Home With Endeca Buyout, Oracle Edges Closer to Embracing Unstructured Data

With Endeca Buyout, Oracle Edges Closer to Embracing Unstructured Data

Up until the point where data starts making sense, by definition, it doesn’t make much sense. Information requires analysis. And despite its name and its mission, the Web presents more unstructured, unrelated data than any information source ever created.

So it shouldn’t surprise anyone that the biggest trend in data management today surrounds analysis of data outside of databases. We heard this two weeks ago from Oracle at its OpenWorld conference, and we’re hearing it again today with Oracle’s acquisition of an analysis tool provider named Endeca.

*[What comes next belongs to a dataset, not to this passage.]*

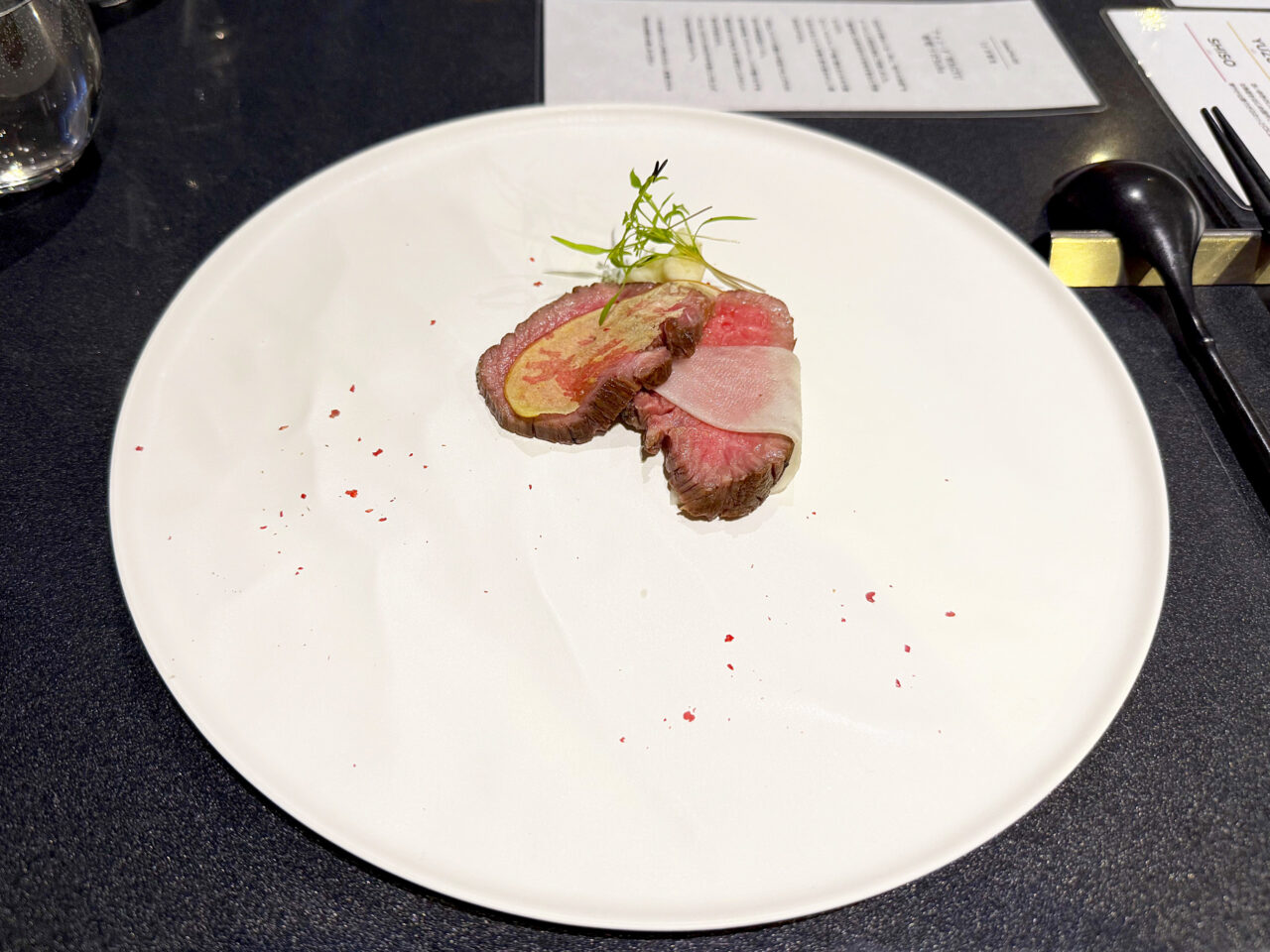 「ロースト黒毛和牛、百合根ピュレ 昆布締め林檎と大根の薄衣」。
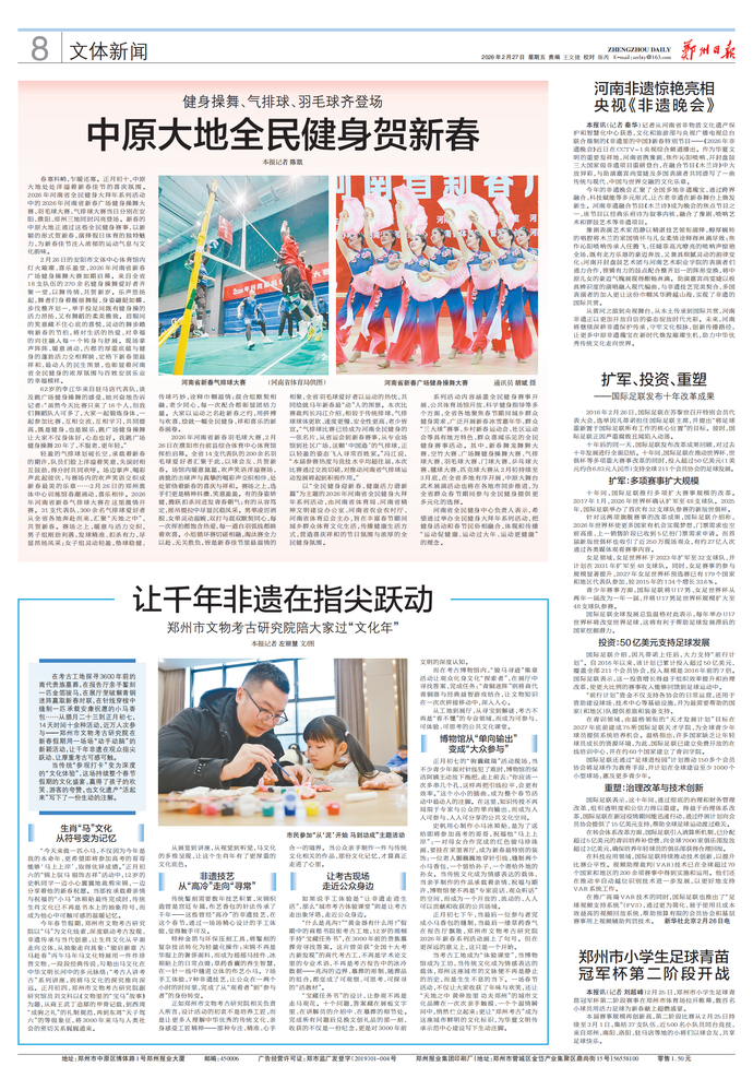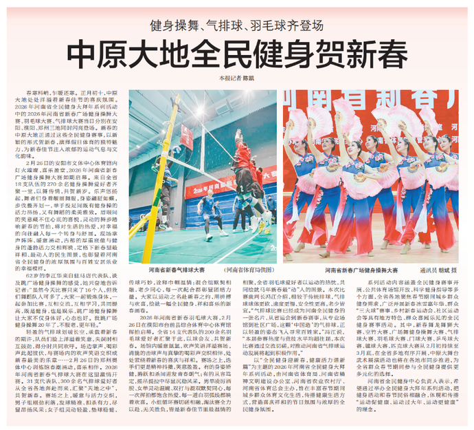 春寒料峭,乍暖还寒。正月初十,中原大地处处洋溢着新春佳节的喜庆氛围。2026年河南省全民健身大拜年系列活动中的2026年河南省新春广场健身操舞大赛、羽毛球大赛、气排球大赛当日分别在安阳、濮阳、郑州三地同时闪亮登场。新春的中原大地正通过这些全民健身赛事,以新颖的形式贺新春,演绎假日体育的独特魅力,为新春佳节注入浓郁的运动气息与文化韵味。(今日《郑州日报》8版)

The key to the acquisition is a hybrid search/analytical engine called MDEX, which underlies a series of Endeca products ranging from general purpose to vertical and task-specific. For example, Endeca produces a data analysis engine for criminal intelligence services.

“The MDEX Engine shares many of the characteristics of a state-of-the-art database, yet is written for the unique constraints of unstructured, structured and semi-structured data,” reads an Endeca white paper on its core technology (PDF available here). “The MDEX Engine is written around a vertical record store to operate at high speeds and at scale. This structure is then stored in columnar form and achieves high compression, and is highly memory efficient for optimizing the delivery of results.”

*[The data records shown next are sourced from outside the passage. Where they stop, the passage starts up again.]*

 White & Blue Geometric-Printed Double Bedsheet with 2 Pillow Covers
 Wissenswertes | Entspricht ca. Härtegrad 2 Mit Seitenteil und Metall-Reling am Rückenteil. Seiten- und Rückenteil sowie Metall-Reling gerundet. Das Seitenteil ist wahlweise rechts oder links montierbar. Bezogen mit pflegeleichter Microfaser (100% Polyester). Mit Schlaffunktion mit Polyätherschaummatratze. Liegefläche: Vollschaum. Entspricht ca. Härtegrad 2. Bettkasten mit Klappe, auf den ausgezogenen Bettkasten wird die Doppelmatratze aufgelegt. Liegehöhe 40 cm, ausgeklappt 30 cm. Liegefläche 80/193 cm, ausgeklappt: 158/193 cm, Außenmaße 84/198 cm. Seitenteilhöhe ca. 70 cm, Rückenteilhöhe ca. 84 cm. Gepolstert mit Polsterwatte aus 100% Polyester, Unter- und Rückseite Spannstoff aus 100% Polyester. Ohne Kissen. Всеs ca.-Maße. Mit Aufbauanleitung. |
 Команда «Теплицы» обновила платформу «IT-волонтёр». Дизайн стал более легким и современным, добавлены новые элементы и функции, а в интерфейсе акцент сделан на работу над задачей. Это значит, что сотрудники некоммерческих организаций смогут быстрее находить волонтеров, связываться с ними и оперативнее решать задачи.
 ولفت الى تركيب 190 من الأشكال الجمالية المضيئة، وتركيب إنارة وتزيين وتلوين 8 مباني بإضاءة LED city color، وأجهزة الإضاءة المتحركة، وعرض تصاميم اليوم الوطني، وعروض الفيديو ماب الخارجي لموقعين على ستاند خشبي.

Comparison of common database management schemes to Endeca’s MDEX engine. [Courtesy Endeca]

If this kind of acquisition sounds, well, strangely familiar… Last August, HP under then-CEO Léo Apotheker was willing to shutter its webOS devices project and redirect its attention toward acquiring Autonomy, a producer of an analytical search engine.

What’s different in Oracle’s case is that MDEX operates a “vertical” data store, “vertical” in the sense of how fields are organized. Rather than Oracle’s classic tables, MDEX stores long trains of data in key/value pairs, which puts MDEX in some respects on a par with scalable databases like Hadoop. With one buyout, Oracle may put itself at or near par with HP on one level, and Microsoft on another – Microsoft having just announced its partnership with Hadoop parent Hortonworks. (Microsoft acquired FAST Technology, an enterprise search tools provider, back in 2008, although so far the most prominent product of that matchup remains a search add-on for SharePoint.)

“The Endeca Latitude MDEX Engine enables users to explore data and content in an unconstrained and impromptu manner and to rapidly address new questions that inevitably follow every new insight,” the newly acquired company states. And Oracle’s position is as follows: “The combination of Oracle Business Intelligence and Endeca Latitude is expected to provide a comprehensive business intelligence foundation and analytic applications, bringing together information from structured and unstructured data sources.”

Ovum technology analyst Mike Davis believes that the exploding quantity of unstructured data, coupled with the rising tide of independently developed analytical and management tools for that data, caught major manufacturers such as Oracle and Microsoft sleeping, or at least snoozing while officially working on their own catch-up products. “We believe it is about time that Oracle ‘bit the bullet’ and gained itself some high-end capabilities, and a referenceable customer base for enterprise search, rather than continuing to develop [its own] Secure Enterprise Search,” Davis said in a statement for RWW this afternoon. “Endeca was the last of the ‘big’ independent enterprise search engines, Autonomy and FAST having already been swallowed by HP and Microsoft, respectively. We believe this continues to illustrate that even the biggest software companies often fail to get their innovation fast enough internally.”